# Action item:
I would like the lines below, from the one with "私がベルリンを訪れるのは7回" through the one with "Crossville Elements Glass", copied exactly and without any pictures.

# Records shown:

____

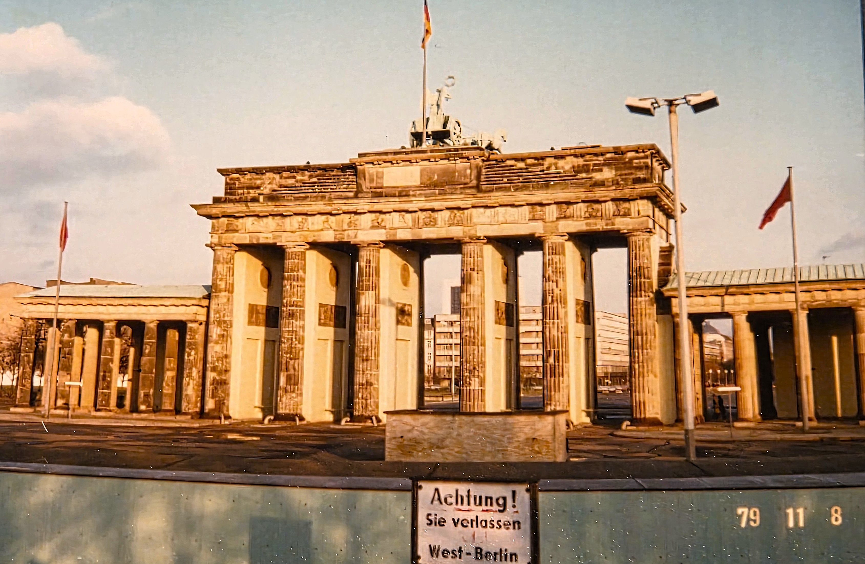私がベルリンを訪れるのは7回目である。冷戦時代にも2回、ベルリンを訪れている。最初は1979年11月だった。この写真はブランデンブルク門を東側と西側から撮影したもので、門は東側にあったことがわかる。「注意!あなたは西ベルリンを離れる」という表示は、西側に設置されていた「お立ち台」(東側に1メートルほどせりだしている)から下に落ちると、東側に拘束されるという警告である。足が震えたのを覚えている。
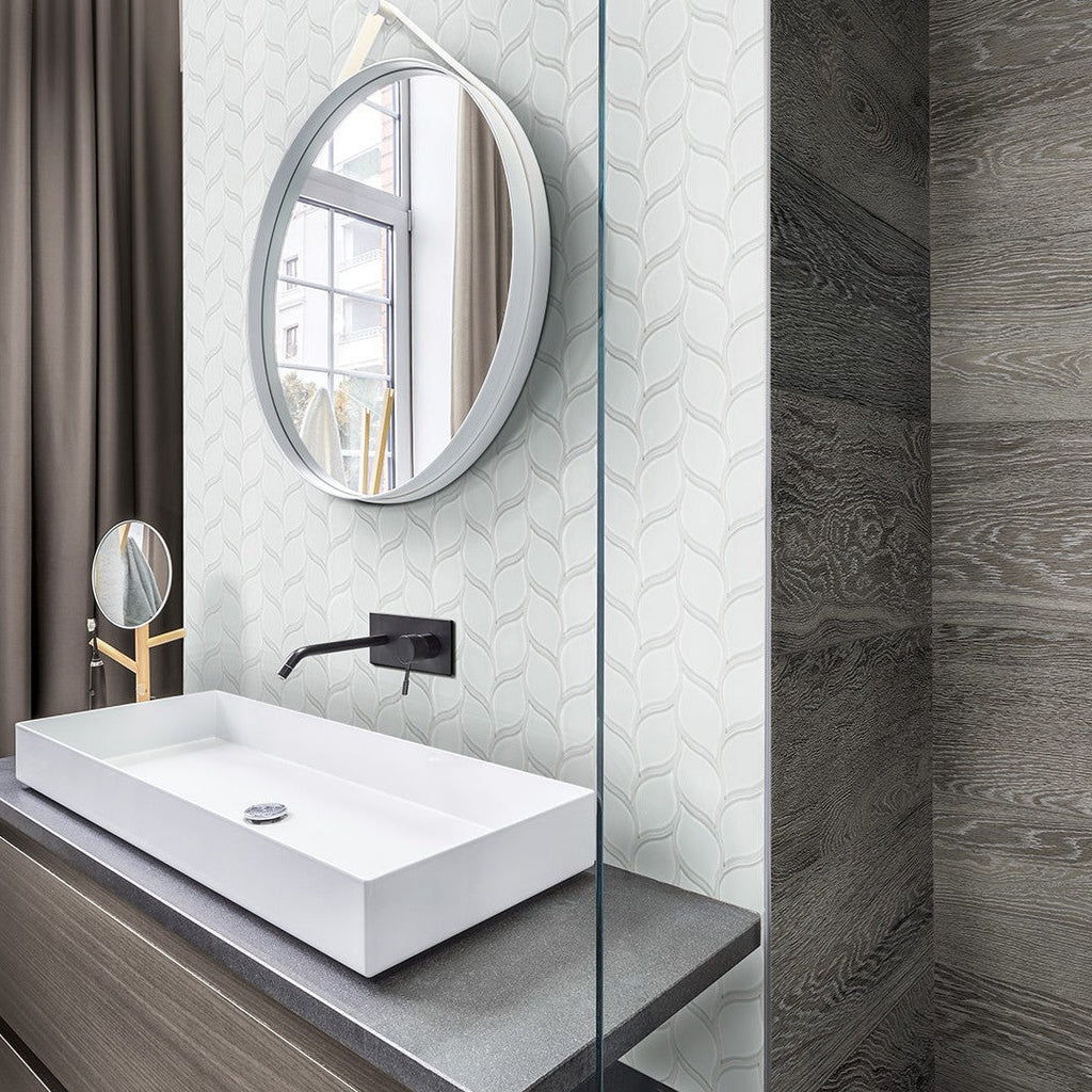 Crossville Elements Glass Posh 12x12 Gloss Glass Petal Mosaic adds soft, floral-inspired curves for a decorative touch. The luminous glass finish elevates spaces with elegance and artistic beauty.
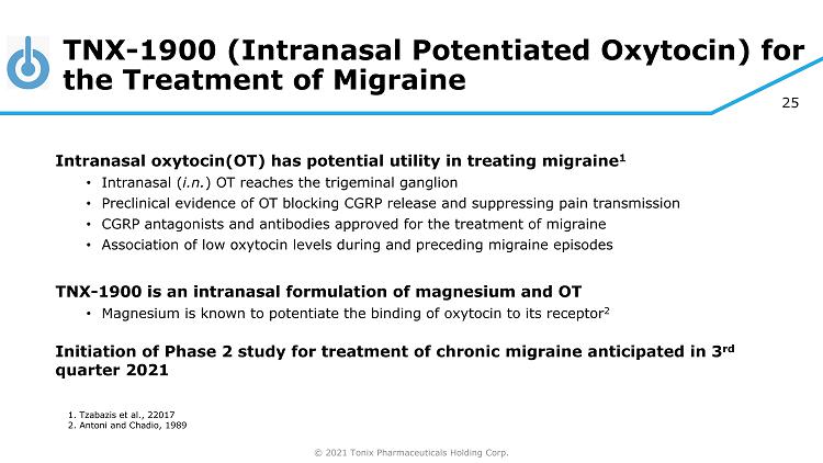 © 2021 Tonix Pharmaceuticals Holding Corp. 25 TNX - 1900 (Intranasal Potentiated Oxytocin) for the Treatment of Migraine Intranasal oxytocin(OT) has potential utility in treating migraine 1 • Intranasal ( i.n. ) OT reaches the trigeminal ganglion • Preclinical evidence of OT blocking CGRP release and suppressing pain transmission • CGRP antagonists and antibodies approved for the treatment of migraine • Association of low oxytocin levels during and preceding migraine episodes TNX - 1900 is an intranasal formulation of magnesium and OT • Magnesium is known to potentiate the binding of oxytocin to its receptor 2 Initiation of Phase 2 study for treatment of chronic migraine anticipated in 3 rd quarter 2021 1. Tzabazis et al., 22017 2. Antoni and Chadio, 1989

____

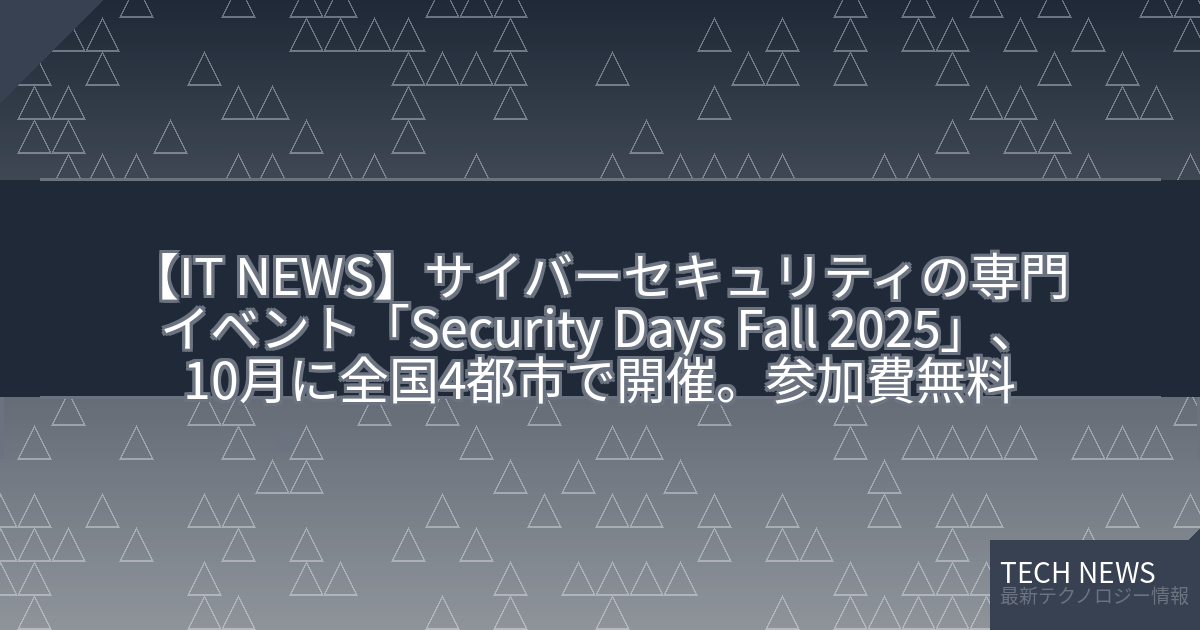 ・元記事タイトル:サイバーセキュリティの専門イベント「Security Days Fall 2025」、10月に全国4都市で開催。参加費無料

____

# Exercise output:
私がベルリンを訪れるのは7回目である。冷戦時代にも2回、ベルリンを訪れている。最初は1979年11月だった。この写真はブランデンブルク門を東側と西側から撮影したもので、門は東側にあったことがわかる。「注意!あなたは西ベルリンを離れる」という表示は、西側に設置されていた「お立ち台」(東側に1メートルほどせりだしている)から下に落ちると、東側に拘束されるという警告である。足が震えたのを覚えている。
 Crossville Elements Glass Posh 12x12 Gloss Glass Petal Mosaic adds soft, floral-inspired curves for a decorative touch. The luminous glass finish elevates spaces with elegance and artistic beauty.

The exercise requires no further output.